* _Exercise requirements_
Transcribe the records below from the first line to the line that includes "Mean radiant temperature", inclusive, and omit the pictures.

Records from a collection:
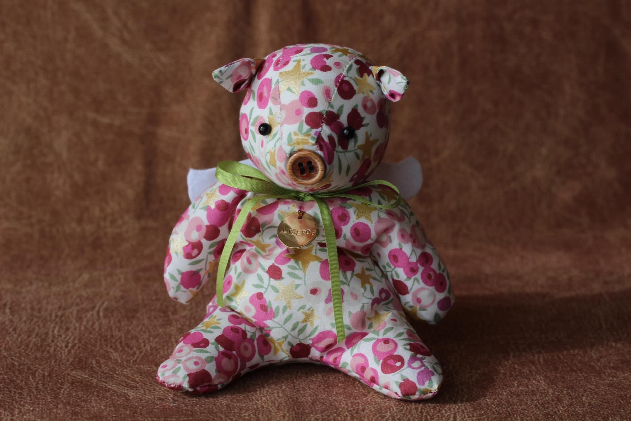 リバティプリントの生地を使用してひとつひとつ手作りした子ブタの天使のぬいぐるみです。
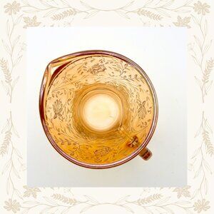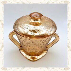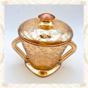Add a touch of golden elegance to your collection with this vintage Jeanette Glass set in the Floragold “Louisa” pattern. Featuring a delicate floral motif and warm amber hue, the set includes a graceful creamer and a lidded sugar bowl with ornate handles. This lustreware mid-century beauty is perfect for tea service or display and reflects the charm of Depression-era glassware.
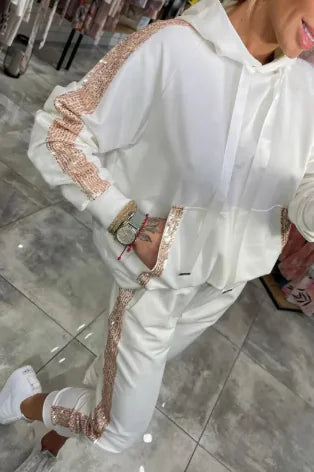 Crafted from high-quality polyester, this hooded sweatshirt and trousers set offers a sleek solid-color design available in versatile shades like white, black, and dark red. The long-sleeve top pairs seamlessly with full-length trousers for a comfortable, stylish fit.
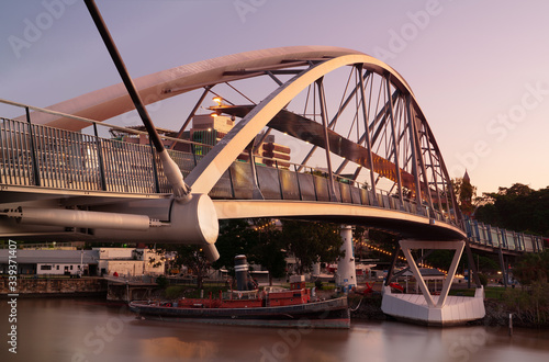 Naklejka premium Brisbane goodwill Bridge with tug boat forcefull underneath at sunset
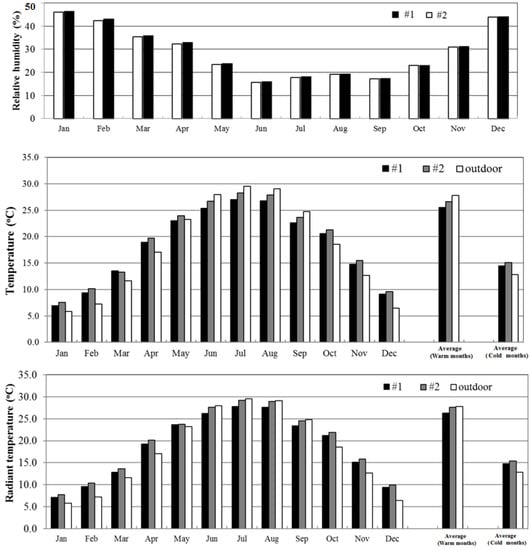 Mean radiant temperature was calculated in assessment of thermal comfort, which is the relationship between the radiant and room surfaces (floor, ceiling and walls) []. The two factors of relative humidity and air temperature have a great effect on an individual’s thermal comfort. A relative humidity less than 30% may result in dry skin, eye irritation, and breathing problems, while a relative humidity (RH) higher than 60% may result in an environment suitable for mold growth and allergic problems [].
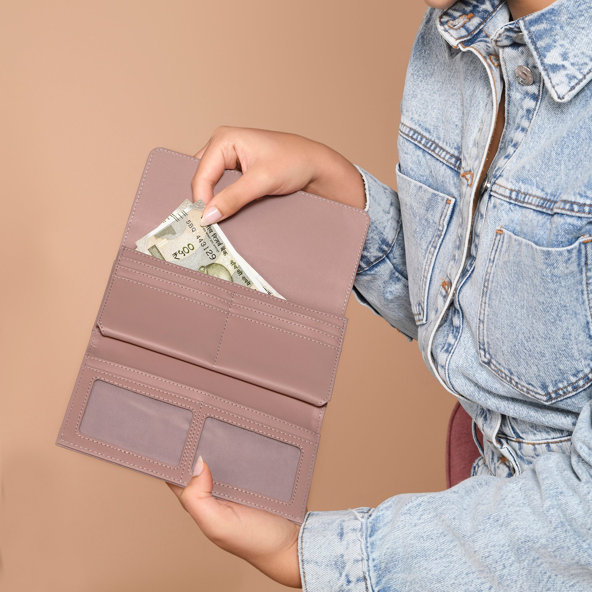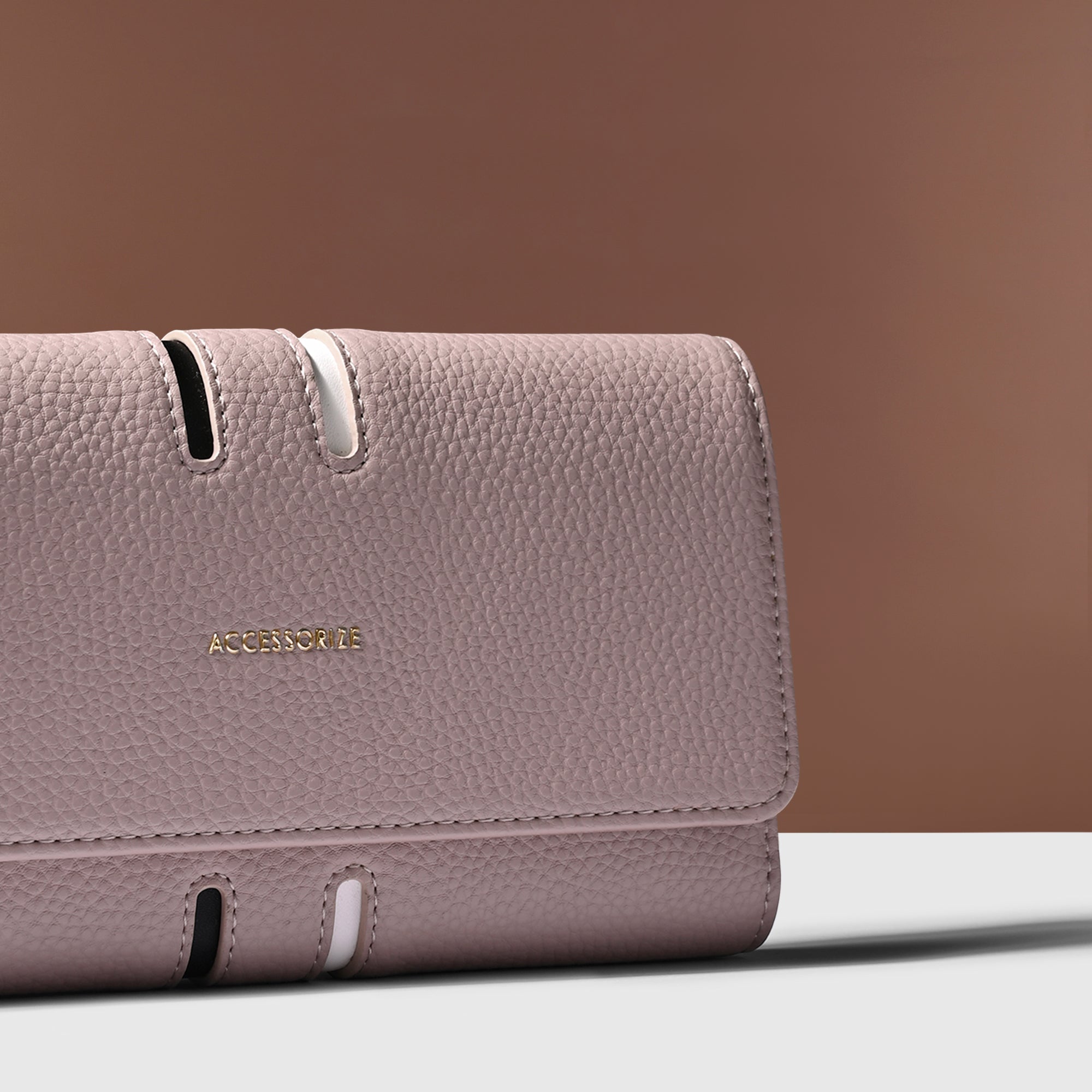 Enhance your style with this classy women's wallet featuring trendy stripe detailing. It's designed to keep your essentials organized and secure. With a spacious cash compartment, six card slots, two ID slots, and a long slip pocket, it's both fashionable and functional. Plus, it's easy to close with a convenient button closure

* _Exercise answer_
 リバティプリントの生地を使用してひとつひとつ手作りした子ブタの天使のぬいぐるみです。
Add a touch of golden elegance to your collection with this vintage Jeanette Glass set in the Floragold “Louisa” pattern. Featuring a delicate floral motif and warm amber hue, the set includes a graceful creamer and a lidded sugar bowl with ornate handles. This lustreware mid-century beauty is perfect for tea service or display and reflects the charm of Depression-era glassware.
 Crafted from high-quality polyester, this hooded sweatshirt and trousers set offers a sleek solid-color design available in versatile shades like white, black, and dark red. The long-sleeve top pairs seamlessly with full-length trousers for a comfortable, stylish fit.
 Naklejka premium Brisbane goodwill Bridge with tug boat forcefull underneath at sunset
 Mean radiant temperature was calculated in assessment of thermal comfort, which is the relationship between the radiant and room surfaces (floor, ceiling and walls) []. The two factors of relative humidity and air temperature have a great effect on an individual’s thermal comfort. A relative humidity less than 30% may result in dry skin, eye irritation, and breathing problems, while a relative humidity (RH) higher than 60% may result in an environment suitable for mold growth and allergic problems [].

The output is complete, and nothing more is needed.